Members of Parliament (MPs) stopped the implementation of the presidential working party’s recommendations on education reform.
According to the National Assembly Speaker, Moses Wetangula, it is illegal to implement recommendations before Parliament has approved them.
He added that the work of the MPs is to legislate, meaning the recommendations should be debated in Parliament before they can be passed for implementation.
“I repeat nobody; no minister of government can purport to make law or do things that appear to be in the (sic) that they have made law because they have no capacity to make any law,” he said.
Emuhaya MP Omboko Milemba raised the issue in Parliament, revealing that the recommendations had caused a schism among stakeholders in the education sector, including the Ministry of Education, the Teachers Service Commission (TSC), and unions.
Milemba, the chairman of the Kenya Union of Post Primary Education Teachers (KUPPET), went on to say that such recommendations should be put on hold until Parliament approves them
“The recommendations that the Ministry of Education reveals the grades for pre-service teachers jeopardize TSC’s mandate as provided under Article 237 (3) of the Constitution,” he stated.
“The working party also recommended that the Ministry establishes a comprehensive school system where all levels of learning are managed as one institution contrary to the Constitution.

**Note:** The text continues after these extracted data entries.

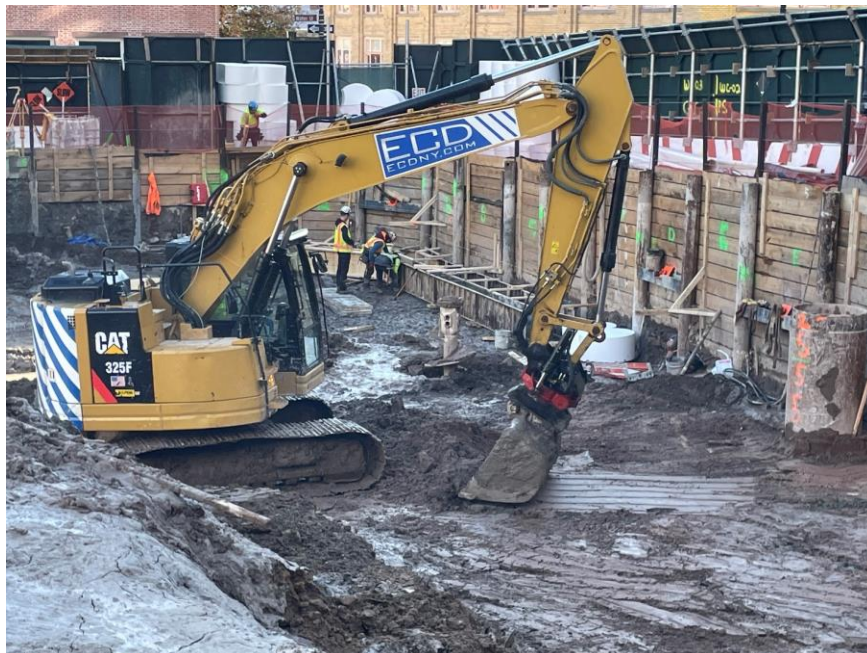
Photo 2: ECD grading soil/fill in the northwest part of site (facing southwest)
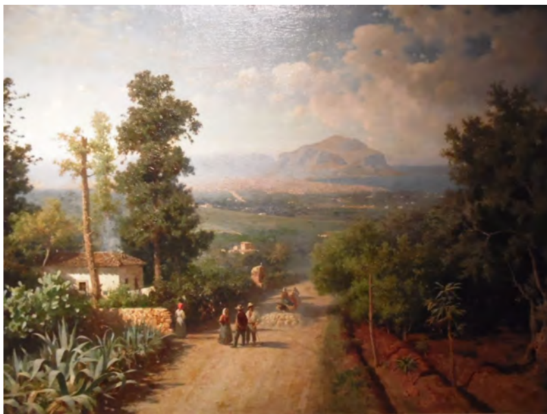
Figure 5. Francesco Lojacono (Palermo, 16 maggio 1838 –Palermo, 28 febbraio 1915), Ph.: Muesse - Galleria d’Arte Moderna(Palermo-Italy). You can see the centenarian olive tree on the right. The poplars on the left. In the background the dark green of the first citrus groves.
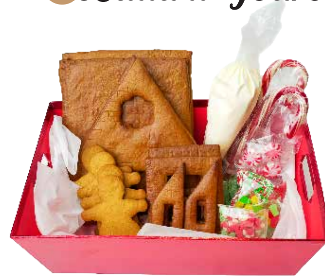
GINGERBREAD HOUSE KIT $50.00 /EA
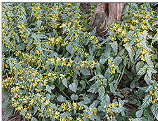
Hermann's Pride Yellow Archangel in bloom

Hermann's Pride Yellow Archangel will grow to be about 12 inches tall at maturity, with a spread of 18 inches. Its foliage tends to remain dense right to the ground, not requiring facer plants in front. It grows at a medium rate, and under ideal conditions can be expected to live for approximately 10 years. As an herbaceous perennial, this plant will usually die back to the crown each winter, and will regrow from the base each spring. Be careful not to disturb the crown in late winter when it may not be readily seen!
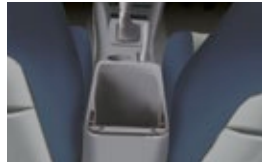
MISSING CONSOLE LID
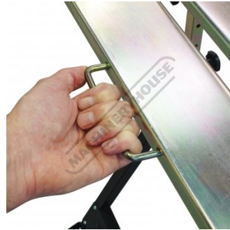
Spring Return Handle
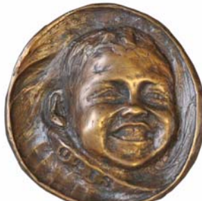
Doris Purchase Otis (Obverse)
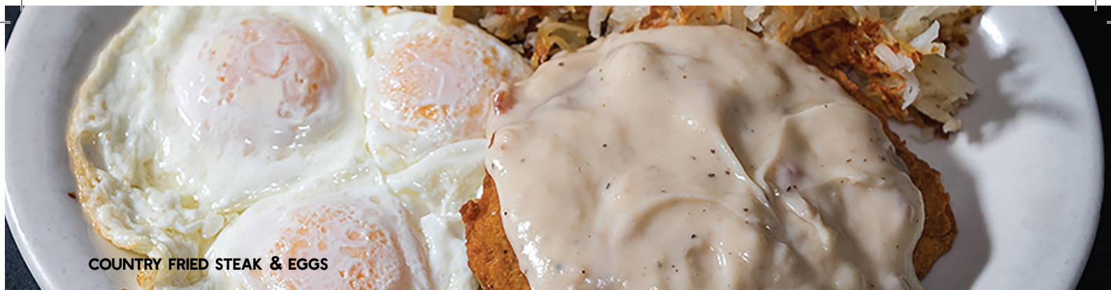
COUNTRY FRIED STEAK & EGGS
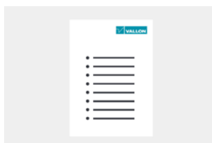
Operation manual MW1630B Item No. 8900530011
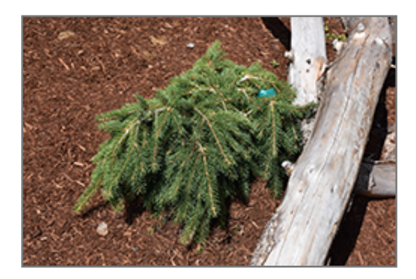
Formanek Norway Spruce

520 Highway 1 West Iowa City, Iowa 52246 (319) 337–8351 www.iowacitylandscaping.com
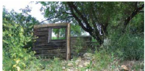
The character-defining elements of Doukhobor Dugout House NHSC in Saskatchewan, such as the window frames, had suffered visible deterioration from exposure to the elements. A long-term repair solution was necessary to prevent further decay and to preserve the site's heritage value.

Following the reinforcement treatment of treating the logs with preservatives, collapsed character-defining elements were reassembled based on records from previous interventions and existing traces on the site.
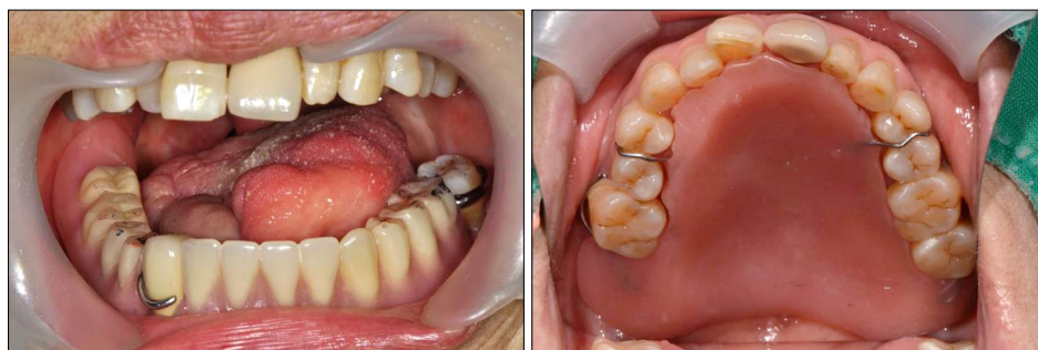
Fig. 3. A palatal augmentation prosthesis was made to improve the pronunciation of patient.

was gradually becoming similar to adjacent tissues (Fig. 1). In addition, a palatal augmentation prosthesis (Fig. 3) was made to improve the pronunciation of patient. After wearing the prosthesis, the patient's pronunciation noticeably improved.
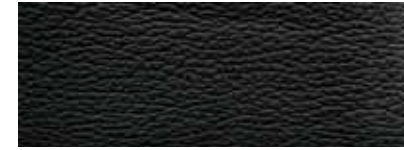
5 Charcoal Black Leather
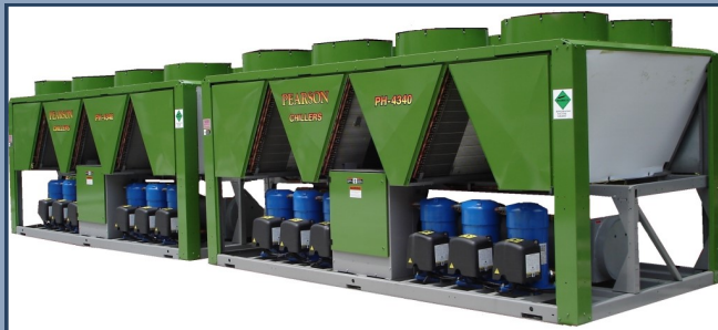
(2x) PH-4340 High Capacity
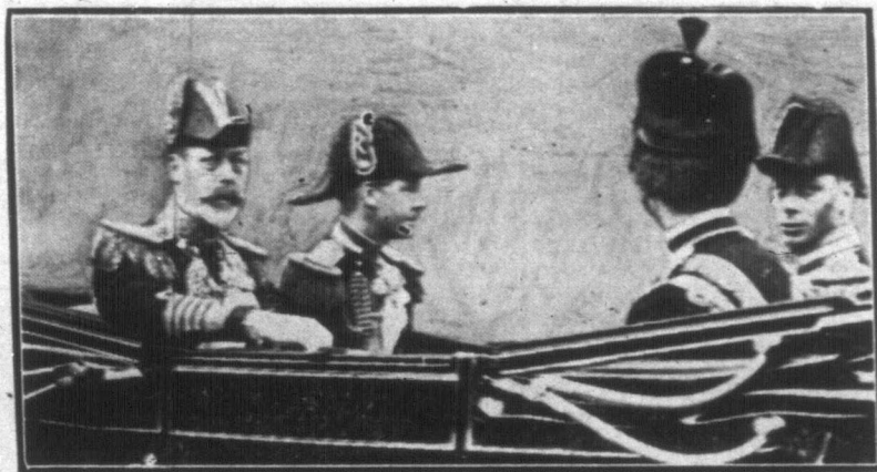
Home again! The Prince of Wales with the King and his two brothers riding through London.
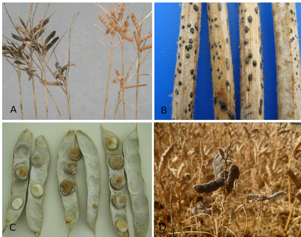
Figure 1: Effect of phomopsis on Albus lupins. A. Contrasting a resistant variety on right with a susceptible variety on the left. B. Characteristic pycnidia ("leopard" spotting) on L. albus stubble. Stems such as these will contain the toxins causing lupinosis. Infected stems look similar in both lupin species. C. Heavily infected pods and seeds from field grown plants after late season rain. D. An infected lupin plant prior to harvest following late season rain.

In the worst cases lupinosis can cause deaths but commonly results in weight loss as sheep lose their appetite. In late pregnant ewes this may result in pregnancy toxemia. Wool growth and staple strength may also be reduced while twinning and conception rates may be significantly reduced.
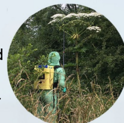
MVCP controlling giant hogweed
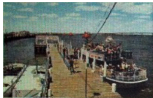
SUMMER AT CAPT. STARN'S PIER Always something to see and do...

A visit to Atlantic City is not complete without enjoyment of one of the famous sightseeing boat trips from Captain Starn's Inlet Pier. Whether it be a lazing sailboat ride along the coast line, a speedier ride in the comfortable sightseeing cruisers, a skim on the blue Atlantic in a speed boat, a trip to Beach Haven on the daily trip or a fishing cruise, there is variety and seashore pleasure for everyone from 8 to 80. Experienced captains and crews guide every boat. An inspection of Captain Starn's Pier with its forty craft, will also reveal exhibits of live fish and lobsters, the wishing well, fish exhibits and a display of prizes and trophies awarded to patrons in Captain Starn's Annual Fishing Contest. Deep Sea Fishing Trips are available for the full day and for half day, morning and afternoon trips or for charter. Sport boats can be chartered for tuna, marlin, blue fishing, etc.
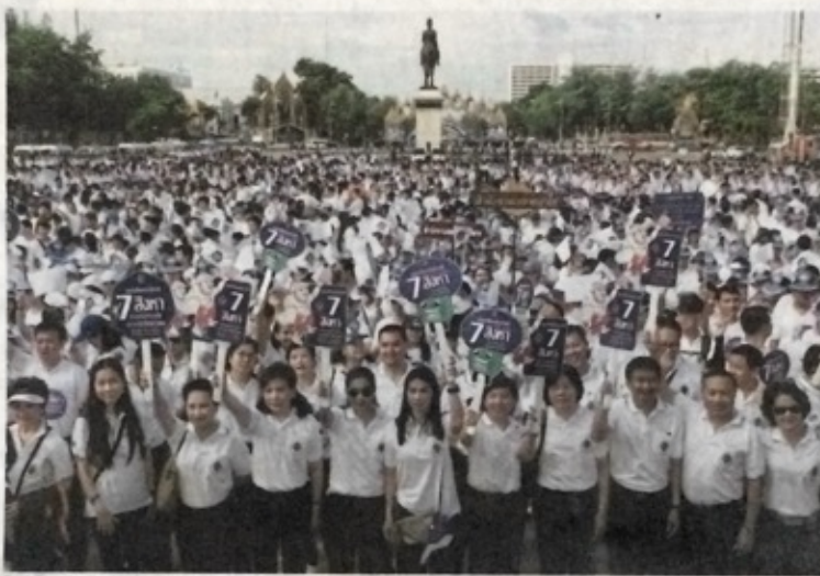
People from all walks of life join the Election Commission's 'Big Day' activity aimed at drumming up public attention and getting people out to write in Sunday's referendum on the draft constitution at the Royal Plaza.

Though it is not the party's resolution, Mr Abhisit's stance is in line with the principle of democracy, for the country changed to democracy 84 years ago, so we cannot afford to step backwards, but we must move forwards," Mr
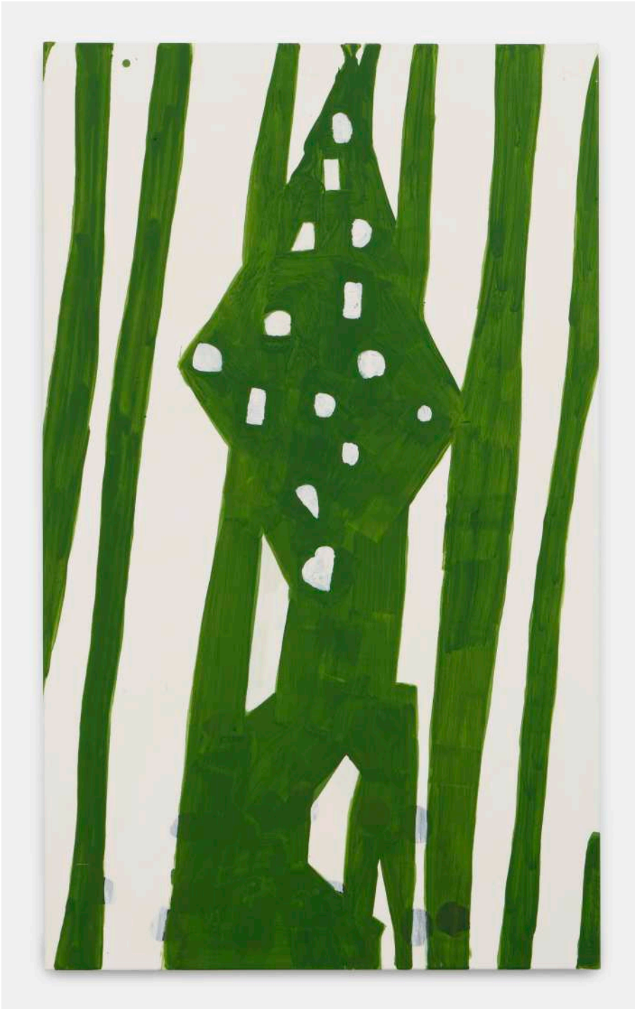
WOLFGANG VOEGELE Untitled, 2023 Oil, acrylic on canvas 150 x 90 cm Unique, signed
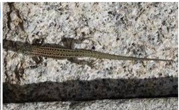
River Almonte; Geniez's Wall Lizard.

We spent the afternoon visiting the historic town of Trujillo, moving from the 16 th century Main Square up to the oldest part, the Moorish castle at the top of the town, working through the early medieval walled city and then back into the Main Square. Our journey through history, embracing two continents was accompanied by Crag Martins and White Storks, a Geniez's Wall Lizard, a Fire Bug and wonderful views of the surrounding landscape.
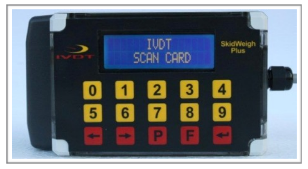
System with RFID Card reader
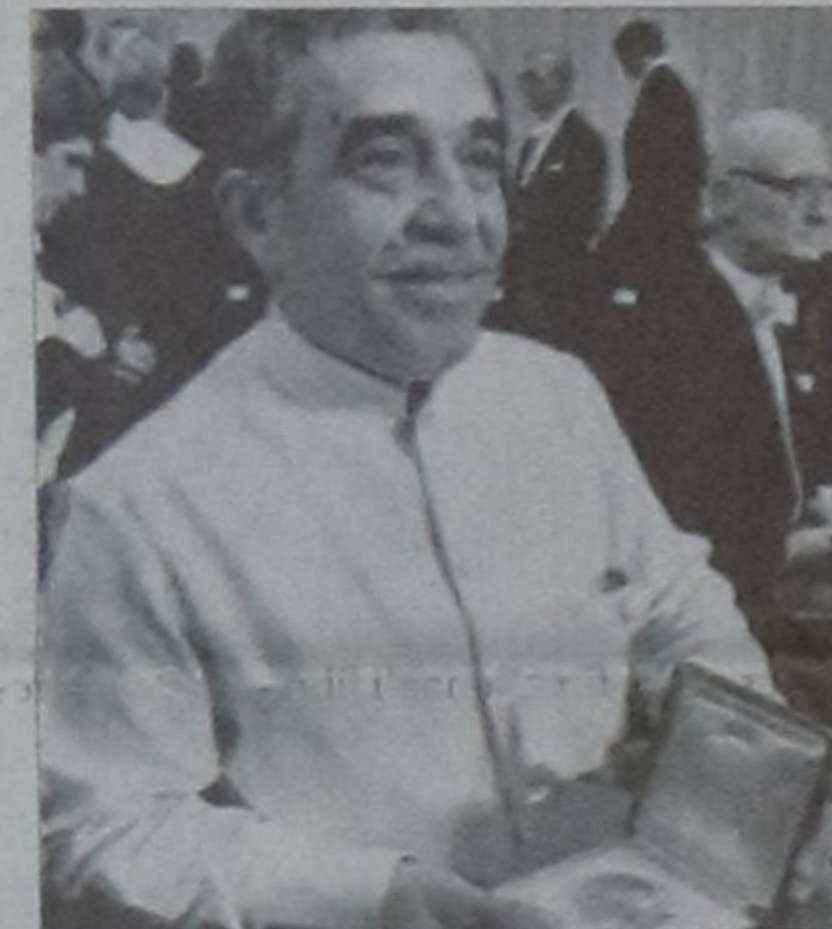
Gabriel Garcia Marquez was awarded the Nobel Prize for literature in 1982.

Marquez's novel, originally published in Spanish in 1967, tells the

The working party further recommends that the Ministry recruits staff for special needs in institutions, which will interfere with TSC’s mandate.”
The Presidential Working Party on Education Reforms made some far-reaching recommendations on the education sector in the country in the report released in June this year.
The changes recommended the scrapping of the categorization of secondary schools and the removal of compulsory subjects for career choices, among others.